What this task involves ▸ Retype word for word the stretch of entries below from the line that has "Sand + Fog Vanilla" through the line that has "Veggenes skjevheter overføres", and omit the pictures.

Data for processing ▸

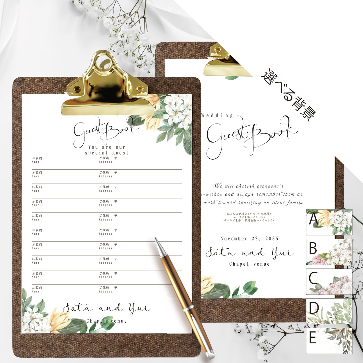 新郎新婦様のお名前と挙式日、会場名をお入れした表紙付きの
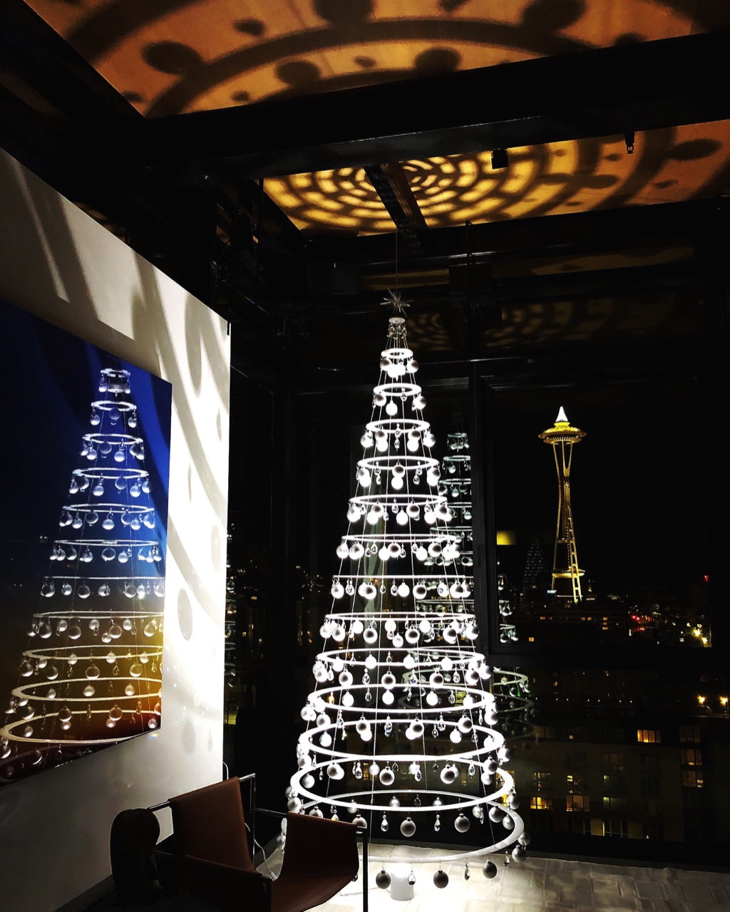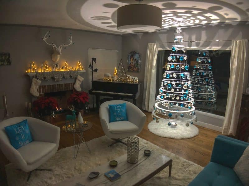 As a result, to install the Modern Christmas Tree is easy. With full decorations, it only weighs between 14-17 pounds. Therefore, it does not need to be secured from a stud in the ceiling. A simple drywall screw that supports up to 45 pounds will allow you to hang your tree any place you want versus needing to hang a traditional artificial tree from a stud in the ceiling based on their weight.
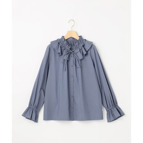 ■デザイン・フリルとギャザーをふんだんに使用した華やかな襟は釦で取り外し可能なので2WAYでスタイリングを楽しめます。・襟を取り外すとシンプルなスタンドカラーでオフィスでも対応可能です。・袖口はゴム使用のふんわりギャザー使い、レイヤードで着用の際にジャケットやニットの袖口からチラ見えする設計になっています。・1枚で着回しの効くブラウスは華やかな場面やオフィスでも大活躍するお勧めアイテムです。
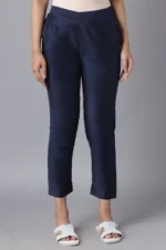 Home Palazzos & Pants Palazzos Solid Straight Fit Woven Trousers With Elasticated Waistband
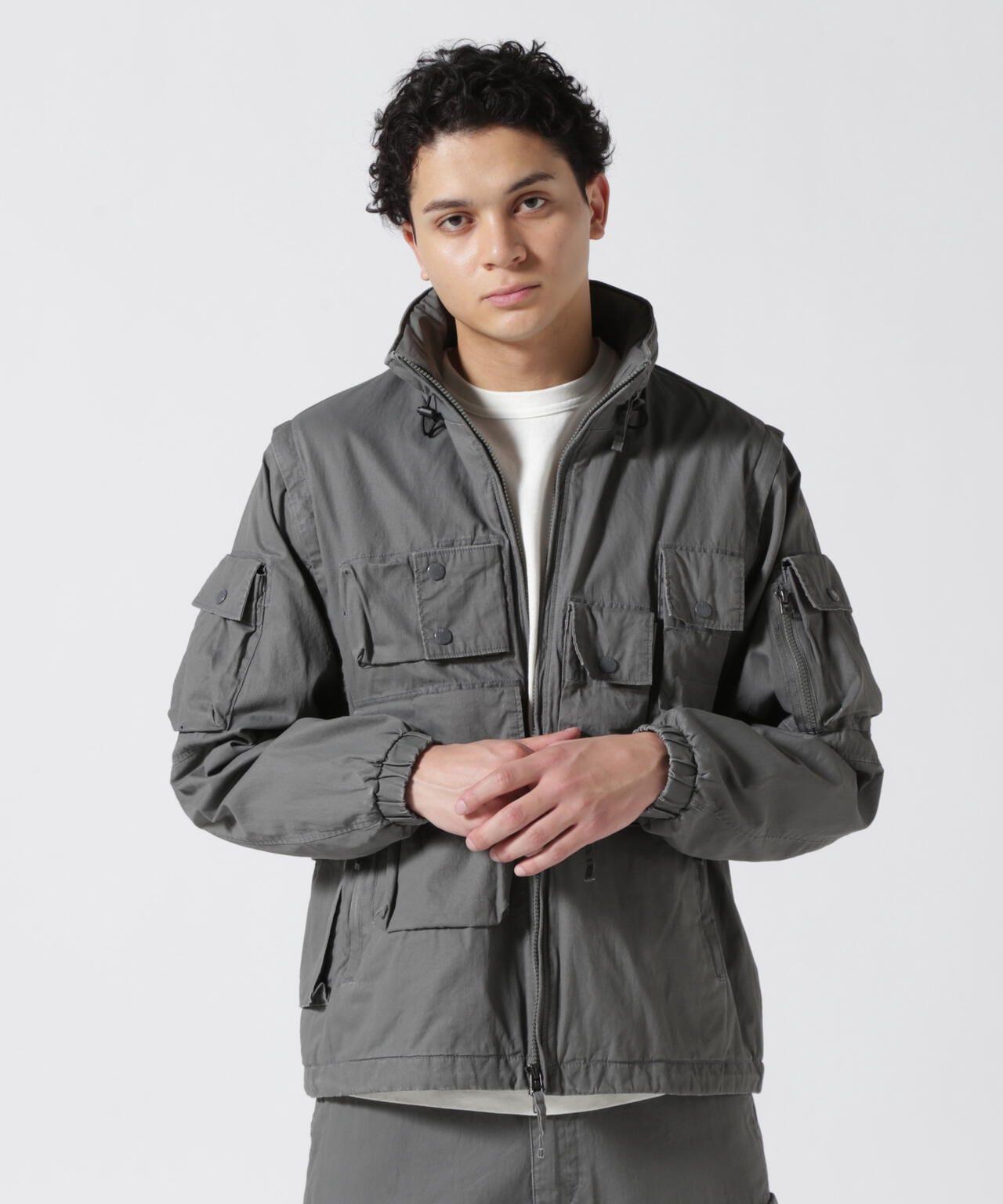 AVIREX 官方旗艦店] 商品名稱:PIGMENT 2WAY CARRIER JACKET商品詳情 - 兩種穿法均可的軍裝風夾克 - 超大廓形,袖子可拆卸 - 下襬有抽繩,可調整廓形 - 具有立體感的多口袋設計設計有多個具有立體感的插袋,採用表面有顏料塗層的薄棉斜紋織物。
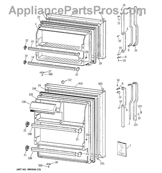 Parts for Ge TBX14SAZFLAD: 01 - Doors Parts
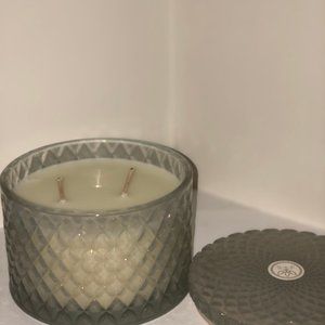 Sand + Fog Vanilla Sandalwood scented candle in a green glass jar with a wood lid 10 ounces
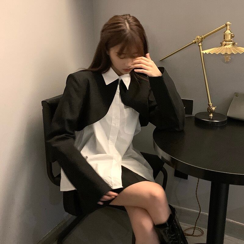 ダークショート ショート丈 ミニ ミニ丈ジャケット 上着 コートホワイト 白シャツ プリーツスカート 女性 レディース 可愛い系46437787414
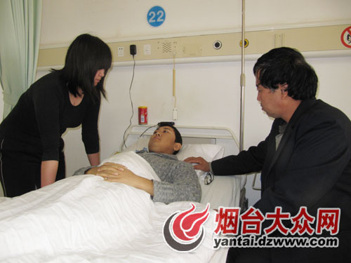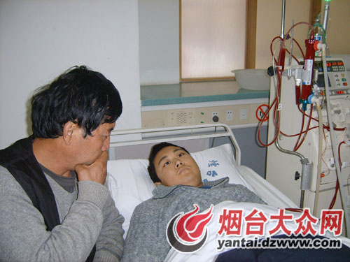 烟台大众网11月25日讯 (记者 胡昌辉) “我真得等不及了,现在时间就是儿子的生命啊!”今天上午,在烟台毓璜顶医院泌尿外科病区22床,面对烟台大众网记者,47岁的周忠田泣不成声,为了挽救患有尿毒症的22岁的儿子,这个坚强的汉子决定“捐肾救儿子”,可目前肾移植的手术费用却无法凑足。
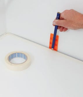 Veggenes skjevheter overføres til benken. Vi setter maskeringsteip på platen, og overfører skjevhetene ved å trekke en blyant langs veggen i en fast avstand fra den, styrt av en kloss.
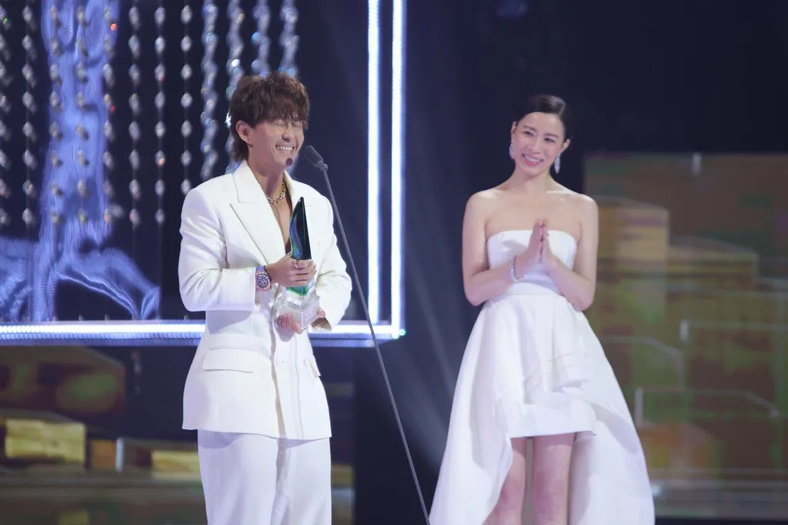 Fighting back the urge to cry on stage, Chan, 42, thanked his actress-wife Jesseca Liu for taking care of him during the filming of Best Drama Serial winner All That Glitters (2023).
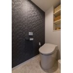シックでかっこいいアクセントクロスと、収納スペースには木製のカゴを使い、お二人の好みに合わせた、ナチュラルモダンなトイレ空間が完成しました。
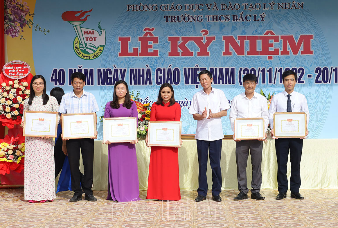 Phát biểu tại buổi lễ, đại diện lãnh đạo nhà trường đã ôn lại truyền thống Ngày Nhà giáo Việt Nam và những thành tích nhà trường đạt được. Nhiều thập kỷ qua các thế hệ cán bộ, giáo viên Trường THCS Bắc Lý luôn cố gắng, phấn đấu với tinh thần, trách nhiệm cao nhất, hết lòng vì học sinh thân yêu, góp phần tô thắm truyền thống vẻ vang của đơn vị Anh hùng. Năm học 2021-2022, nhà trường xếp thứ 2/22 trường THCS trong huyện; đạt danh hiệu Tập thể lao động Xuất sắc, được Chủ tịch UBND tỉnh tặng Bằng khen. Có 29 thầy cô giáo đạt danh hiệu lao động tiên tiến; có 6 thầy cô giáo đạt danh hiệu chiến sĩ thi đua cấp cơ sở, 4 thầy cô giáo được Giám đốc Sở Giáo dục & Đào tạo tặng giấy khen, 5 thầy cô giáo được Chủ tịch UBND huyện Lý Nhân tặng Giấy khen.

Response below ▸
 Sand + Fog Vanilla Sandalwood scented candle in a green glass jar with a wood lid 10 ounces
 ダークショート ショート丈 ミニ ミニ丈ジャケット 上着 コートホワイト 白シャツ プリーツスカート 女性 レディース 可愛い系46437787414
 烟台大众网11月25日讯 (记者 胡昌辉) “我真得等不及了,现在时间就是儿子的生命啊!”今天上午,在烟台毓璜顶医院泌尿外科病区22床,面对烟台大众网记者,47岁的周忠田泣不成声,为了挽救患有尿毒症的22岁的儿子,这个坚强的汉子决定“捐肾救儿子”,可目前肾移植的手术费用却无法凑足。
 Veggenes skjevheter overføres til benken. Vi setter maskeringsteip på platen, og overfører skjevhetene ved å trekke en blyant langs veggen i en fast avstand fra den, styrt av en kloss.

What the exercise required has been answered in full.